Bug #72805 | mutex_delay() creating excess memory traffic, GCC mem barrier needed | ||
---|---|---|---|
Submitted: | 30 May 2014 6:17 | Modified: | 29 Apr 2015 0:14 |
Reporter: | Stewart Smith | Email Updates: | |
Status: | Closed | Impact on me: | |
Category: | MySQL Server: Compiling | Severity: | S3 (Non-critical) |
Version: | 5.7.7 | OS: | Any |
Assigned to: | CPU Architecture: | Any | |
Tags: | MySQL, performance, PowerPC |
[30 May 2014 6:17]
Stewart Smith
[30 May 2014 6:20]
Stewart Smith
use GCC memory barrier in mutex_delay instead of generating memory traffic. (*) I confirm the code being submitted is offered under the terms of the OCA, and that I am authorized to contribute it.
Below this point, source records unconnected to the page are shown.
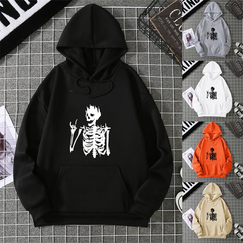 Retro Skull Print Hoodie Women's Fashion Hip Hop Loose Sweatshirt Cat Casual Sweatshirt Pocket Harajuku Streetwear Graphic Y2K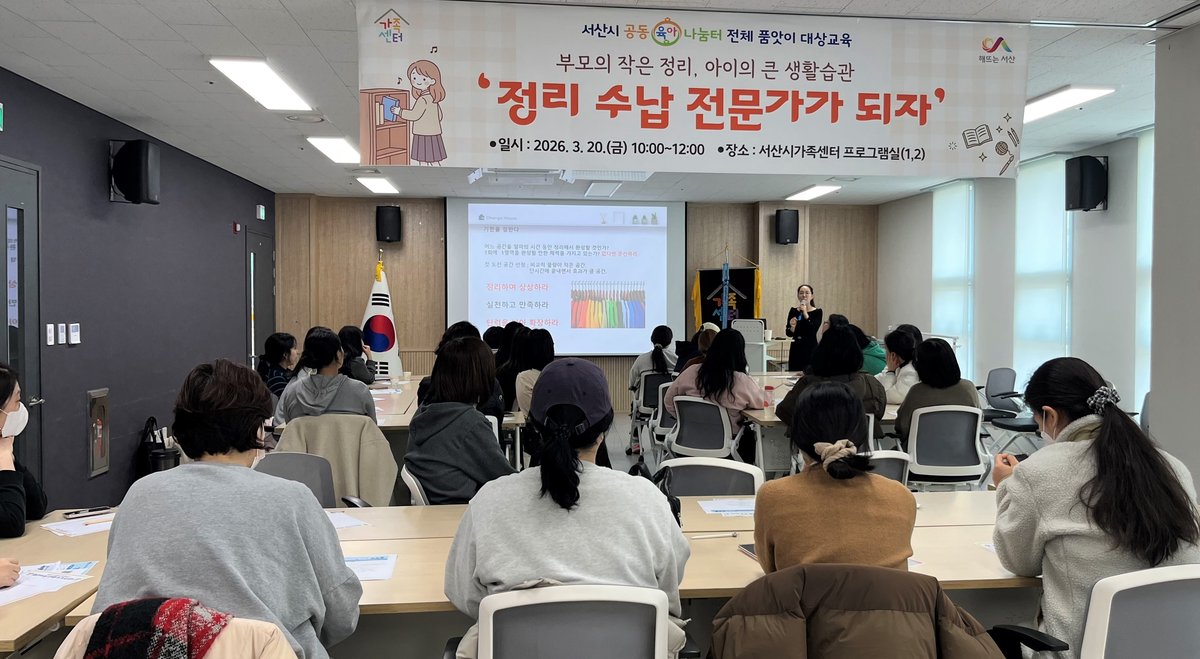 이번 교육은 서산시 공동육아나눔터 4개호점 공동진행으로 부모가 먼저 실천하는 정리수납 방법을 배우고 이를 가정에서 적용할 수 있도록 돕기 위해 마련됐다.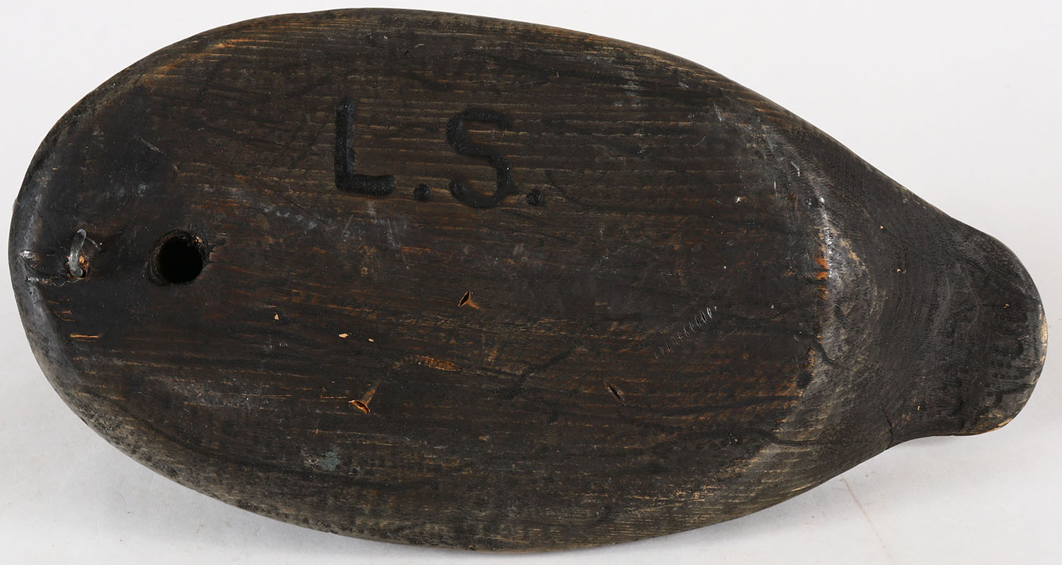 Blue bill drake by unknown maker, TE, solid wood, original paint, banded L.S.. Grade: Excellent - Value: 20 to 40

Contribution: mutex_delay_gcc_barrier.patch (text/x-patch), 471 bytes.
[30 May 2014 8:04]
MySQL Verification Team
Hello Stewart, Thank you for the report and contribution. Thanks, Umesh
[13 Nov 2014 6:17]
Stewart Smith
This is still present in 5.7.5 - and is also an issue on x86. When the server is built with fast mutexes (cmake -DWITH_FAST_MUTEXES=1), we get mutex_delay in mysys/thr_mutex.cc. As it stands, it looks like this: 0000000000000000 <.mutex_delay>: 0: fb e1 ff f8 std r31,-8(r1) 4: 1c 63 00 32 mulli r3,r3,50 8: f8 21 ff b1 stdu r1,-80(r1) c: 39 20 00 00 li r9,0 10: 7c 69 03 a6 mtctr r3 14: 2f a3 00 00 cmpdi cr7,r3,0 18: 7c 3f 0b 78 mr r31,r1 1c: f9 3f 00 30 std r9,48(r31) 20: 41 9e 00 34 beq cr7,54 <.mutex_delay+0x54> 24: 48 00 00 1c b 40 <.mutex_delay+0x40> 28: 60 00 00 00 nop 2c: 60 00 00 00 nop 30: 60 00 00 00 nop 34: 60 00 00 00 nop 38: 60 00 00 00 nop 3c: 60 00 00 00 nop 40: e9 5f 00 30 ld r10,48(r31) 44: 7d 49 52 14 add r10,r9,r10 48: 39 29 00 01 addi r9,r9,1 4c: f9 5f 00 30 std r10,48(r31) 50: 42 00 ff f0 bdnz 40 <.mutex_delay+0x40> 54: 38 3f 00 50 addi r1,r31,80 58: e8 7f 00 30 ld r3,48(r31) 5c: eb e1 ff f8 ld r31,-8(r1) 60: 4e 80 00 20 blr Which (just trust me on this): isn't what you want. As mentioned in this bug report (and in http://bugs.mysql.com/bug.php?id=72806 ) it misses relaxing the CPU and is just using a work around rather than an actual solution to avoiding the compiler from optimizing away the loop. My updated patch (attached) works well for POWER. Adding the pause instruction for x86 is left as an exercise for the reader. with my patch applied: 0000000000000000 <.mutex_delay>: 0: fb e1 ff f8 std r31,-8(r1) 4: f8 21 ff c1 stdu r1,-64(r1) 8: 7c 3f 0b 78 mr r31,r1 c: 7c 21 0b 78 mr r1,r1 10: 1c 63 00 32 mulli r3,r3,50 14: 7c 69 03 a6 mtctr r3 18: 2f a3 00 00 cmpdi cr7,r3,0 1c: 41 9e 00 08 beq cr7,24 <.mutex_delay+0x24> 20: 42 00 00 00 bdnz 20 <.mutex_delay+0x20> 24: 7c 42 13 78 mr r2,r2 28: 38 3f 00 40 addi r1,r31,64 2c: eb e1 ff f8 ld r31,-8(r1) 30: 4e 80 00 20 blr Which is pretty much *exactly* what we want - it sets low priority on the thread, spins for a while, restores priority and exits.
[13 Nov 2014 6:18]
Stewart Smith
Updated patch: sets thread priority on POWER, uses proper compiler barrier (*) I confirm the code being submitted is offered under the terms of the OCA, and that I am authorized to contribute it.
Contribution: mutex_delay_gcc_barrier.patch (text/x-patch), 969 bytes.
[10 Apr 2015 7:54]
Stewart Smith
I still see this in 5.7.7.
[29 Apr 2015 0:14]
Paul DuBois
Noted in 5.7.8 changelog. The so-called "fast mutex" code has been removed from the server sources. It provides no measurable benefit, complicates the code, and is problematic for certain architectures such as POWER8. The (undocumented) WITH_FAST_MUTEXES CMake option has also been removed.